Just my experience with C. amazonicum till now...I hope it helps you grow your C. parvifrons to maturity well :) Do adapt it though according to C. parvifrons habitat as it certainly differs than that of C. amazonicum,a lowland species... :)

''To try,is to risk failure.......To not try,is to guarantee it''

Posted

Hi, Jonathan.

Congrats! The only thing I can contribute is that Ceroxylon vogelianum is very touchy as a seedling. I've lost about half of mine. I have heard that you want to keep them a bit under-potted, since they do not have an extensive root system for their size. Good luck and let us know how it goes!

Jason

Menlo Park, CA  (U.S.A.) hillside

Min. temp Jan 2007:  28.1 deg. F (-2.2 deg. C)

Min. temp winter 2008: 34.7 deg. F (1.5 deg. C)

USDA Zone 10A since 2000

Posted

I have grown small numbers of most species with few losses but am no expert. I do follow the advice given to me to add some home-made compost to the mix as they seem to like something in the soil flora. Other than that I leave them outside under tree fern canopy in a cool frost free spot and place in-ground at an early age. They certainly seem to need air flow. Initial growth is slow but they start moving after a few years.

cheers

Richard

Posted

Thanks guys - great info.

Kostas, you're a good man - it must have taken ages to write that up, and very useful comments too.

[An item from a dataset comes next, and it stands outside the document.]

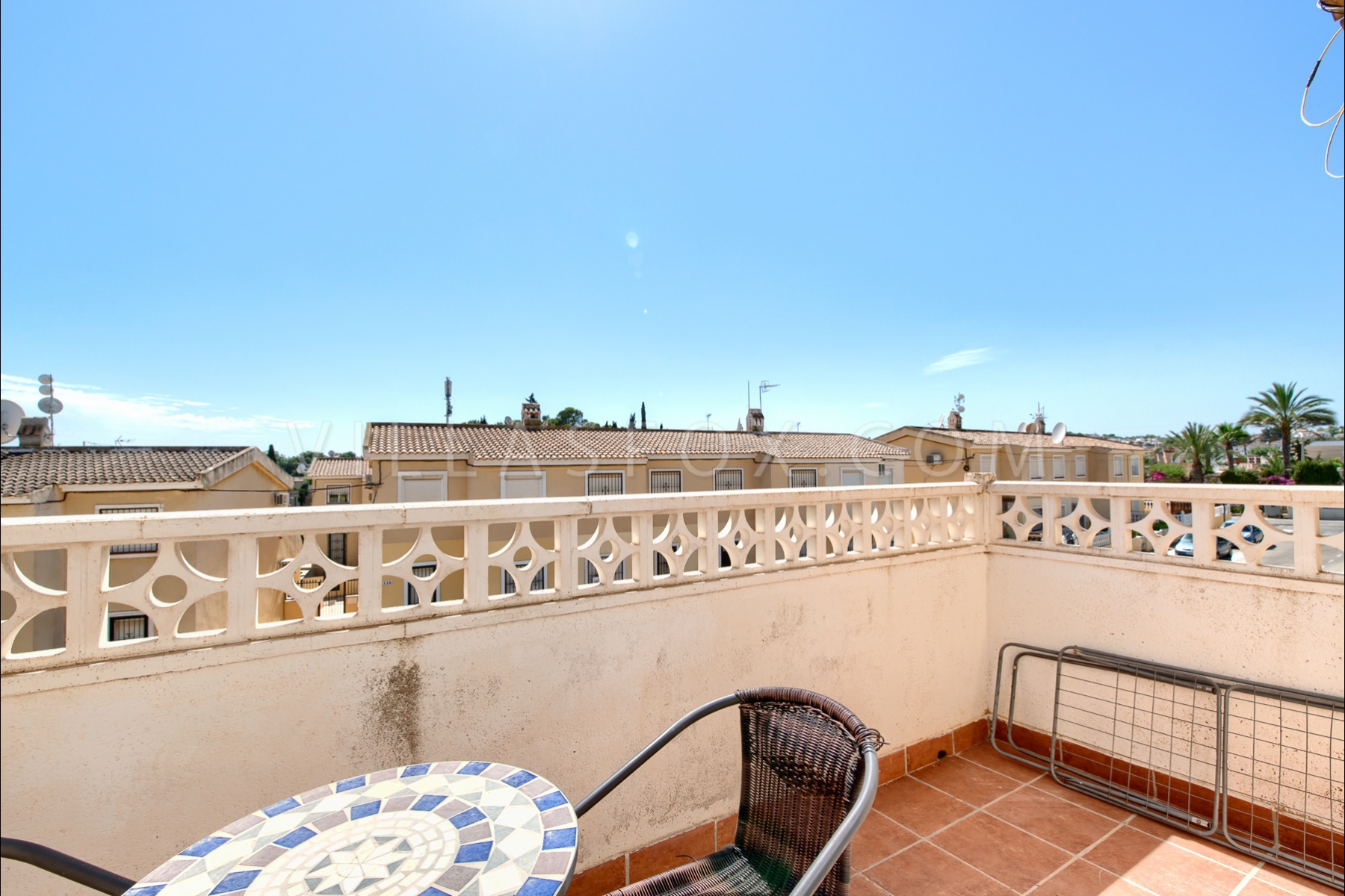 (Villas Fox Ref: 1179) Constructed floor size = 40.00 m2 Plot size = 48.00 m2 Year of construction = 1999 (Villas Fox Ref: 1179) APARTAMENTO PLANTA ALTA DE 1 DORMITORIO, LOMAS DEL GOLF. Superficie construida = 40,00 m2 Superficie parcela = 48,00 m2 Año de construcción = 1999 * A 10 minutos en coche de la playa * 2 aeropuertos a 45 minutos en coche * Jardines comunitarios * Listado directo con Villas Fox * Agua caliente eléctrica * Exclusivo de Villas Fox * Primera piso * Amueblado * Galeria (lavadero) * Cerca de bares y restaurantes * Cerca de campos de golf * Sin ascensor * Cocina americana * Orientación sur * Piscina (comunitaria) * Terraza Apartamento en planta alta con baño en Lomas del Golf (en San Miguel de Salinas pero justo en el límite con Orihuela Costa) con acceso a varias piscinas comunitarias, y no lejos de la famosa Plaza de Villamartín. Recientemente se ha modernizado la cocina y se ha ampliado la barra de desayuno. Hay un cuarto de servicio (lavadero) adyacente al área de la cocina, y las puertas del patio conducen desde el salón a un balcón terraza con agradables vistas. Se accede a la propiedad a través de una escalera exterior con aproximadamente 24 escalones y no hay ascensor. El apartamento en sí mide 40 m2 (incluyendo el área de servicio de 3 m2), más la terraza mide 48 m2, dando un área total interior y exterior de 48 m2. El edificio fue construido en 1999. Para cualquiera que busque una casa de vacaciones asequible con acceso a piscinas comunitarias y no lejos de muchos servicios y la playa, ¡esta podría ser ideal para usted! Presentado exclusivamente por Villas Fox, envíenos un mensaje directamente si está interesado en esta oportunidad y lo guiaremos a través del proceso de adquisición. Tenga en cuenta que los precios que se muestran no incluyen el impuesto a las ventas (en Alicante 10% u 8 % para compradores españoles menores de 35 años) y gastos de notario, registro y procurador (normalmente 2.500-4.000 euros). Si la propiedad es de obra nueva, se paga un impuesto AJD adicional del 1,5%. Toda la información proporcionada es solo una guía. Las propiedades se pueden reservar mediante el pago de un depósito de reserva y la firma de un contrato de reserva. Cualquier mueble o electrodomésticos incluidos en la venta se venden como artículos de segunda mano sin garantía salvo que se indique lo contrario. Los precios INCLUYEN los honorarios del agente, es decir, el comprador no paga honorarios de agencia inmobiliaria cuando compra con Villas Fox. Somos miembros orgullosos de APIAL (Asociación de Agentes de la Propiedad Inmobiliaria y Agentes Inmobiliarios de la Provincia de Alicante), que es un registro oficial de agentes inmobiliarios profesionales que están debidamente asegurados, calificados, experimentados y completamente legales, para su protección.

I think I killed nearly all my Phoenix roebelinii's the same way. It seems to be nearly impossible to bring them back once they start to decline from anaerobic conditions - I tried potting them into smaller pots in fresh medium, but they kept dying. I assume that Phytophora or something similar is the ultimate killer. Thats not a mistake I want to make with these ones.

Temperature shouldn't be too much of a problem here - almost never gets below 0C and rarely above 35. Lack of water will always be an issue - but I'm working on that one.

Jason - your advice about pot size fits in nicely with Kostas' experience - I think I'm getting the picture!

Richard - thats interesting about soil flora - the same thing is recomended for a lot of Australian native plants, particularly Banksia's and other Proteacea.

Good airflow makes sense too, given their habitat. Do you mind me asking where the tip about soil flora came from? Someone out there obviously knows their Ceroxylons pretty well.

Did anyone else buy any seeds of this species from RPS this time round? It would be good to swap notes later.

Cheers,

Jonathan

South Arm, Tasmania, Australia - 42° South

Mild oceanic climate, with coastal exposure.

 

Summer: 12°C (53°F) average min, to 21°C (70°F) average daily max. Up to 40°C (104°F max) rarely.

 

Winter: 6°C (43°F) average min, to 13°C (55°F) average daily max. Down to 0°C (32°F) occasionally, some light frost.

Posted
Did anyone else buy any seeds of this species from RPS this time round? It would be good to swap notes later.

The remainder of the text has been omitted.